Лэнгли за время отсутствия Чарльза ничуть не изменился. Всё те же безликие коридоры и похожие кабинеты со снующими туда-сюда деловитыми людьми в строгих, преимущественно тёмных костюмах. Наверное, место работы так действовало – о какой бы ерунде ни думали работники ЦРУ, вид у них всегда был такой, словно они прямо сейчас решают проблемы государственного масштаба. Различие было в том, что на этот раз, чтобы попасть к Церебро, не нужно было выходить на лужайку и подниматься в металлическую башенку. Наоборот, пришлось спуститься в обширное подземелье. Антенны были выведены наружу, а вот шлем и пульт управления при воссоздании прибора сочли за благо на этот раз упрятать под землю.
Что ж, едва ли это помешает работе, думал Чарльз, примериваясь к шлему.

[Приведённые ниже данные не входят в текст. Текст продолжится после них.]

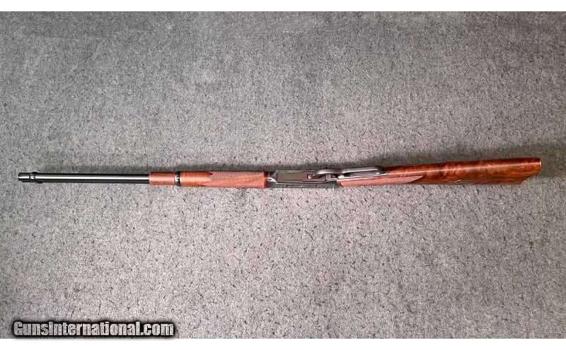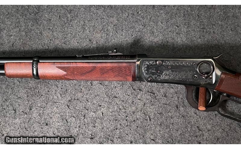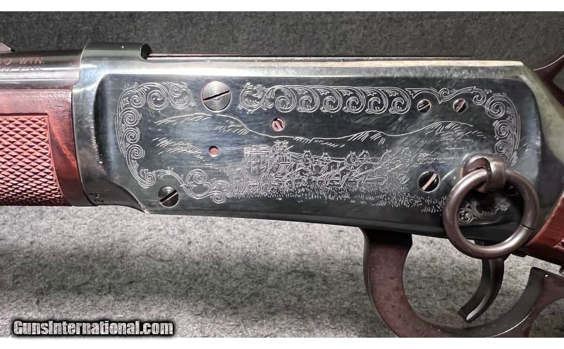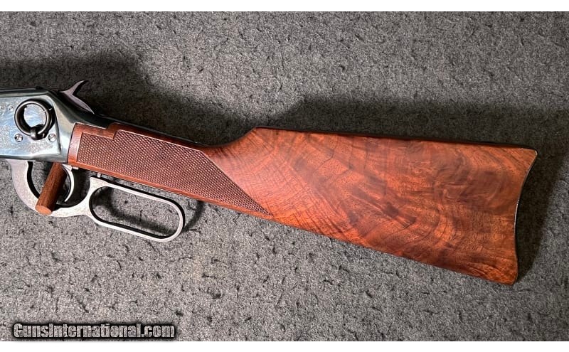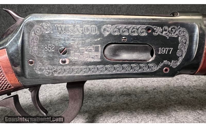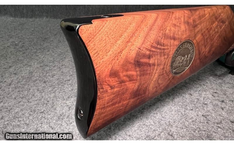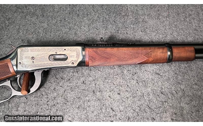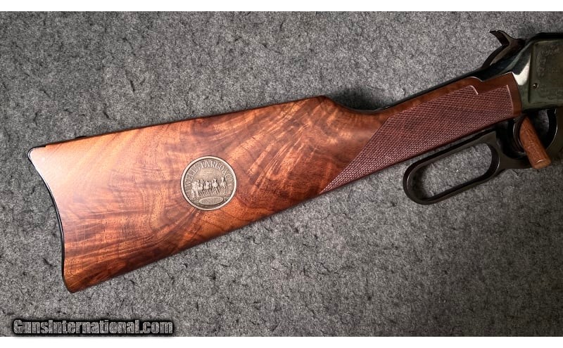 Description: This 1852 - 1977 Wells Fargo Commemorative lever action rifle is a Winchester® Model 1894 chambered in .30-30 Winchester. It has 20" round barrel, a left-side saddle ring, a fixed blade front sight, an adjustable U-notch butterfly rear sight, a smooth curved trigger, a serrated hammer, a diamond checkered round fore arm, a 7-round full length tubular magazine with a side-loading gate, and an ebony steel crescent butt plate. This particular rifle features exquisitely marbled walnut on both the fore arm and the butt stock. The bluing is in excellent condition overall, with some loss on the top of the receiver adjacent to the action. The wood fore arm and butt stock are in excellent condition with no noticeable handling wear, chips, cracks, or scratches. The bore is very bright and shiny with strong rifling intact. The Model 1894 Lever-Action Rifle is an American icon, recognized all over the world for its simple and reliable function. The Winchester® Model 1894 possesses a long and noble history and is considered by many historians to be the ultimate lever-action design. This Winchester® Model 1894 Lever-Action Rifle is one of the most proven hunting rifles ever made. The lightweight and fast handling 1894 delivers reliable, rapid fire with cartridges powerful enough for deer, bear, and hogs. .30-30 Winchester SOLD Chambers: "7-round full length tubular, side loading gate magazine Metal Condition: "The bluing is in excellent condition overall, with some loss on the top of the receiver adjacent to the action Wood Condition: "The wood fore arm and butt stock are in excellent condition with no noticeable handling wear, chips, cracks, or scratches. Bore Condition: The bore is very bright and shiny with strong rifling intact. Barrels: 20 inch round barrel Triggers: Smooth curved trigger Stock Dimensions: "13¼ inch LOP, overall length 38 inches Fore End: Diamond checkered round fore arm Butt Pad: Ebony steel crescent butt plate Weight: 6 lb 8 oz Sights: "Fixed blade front sight, adjustable U-notch butterfly rear sight Item Location: Wichita, KS |

Кое-что при воссоздании даже усовершенствовали – шлем больше не напоминал миску для супа, он плотнее облегал голову, и к тому же его больше не держала спускающаяся с потолка металлическая лапа. Теперь, снимая, его нужно было вешать на специальную подставку, и жгут проводов, тянущийся от макушки к пульту, слегка напоминал рыцарский плюмаж.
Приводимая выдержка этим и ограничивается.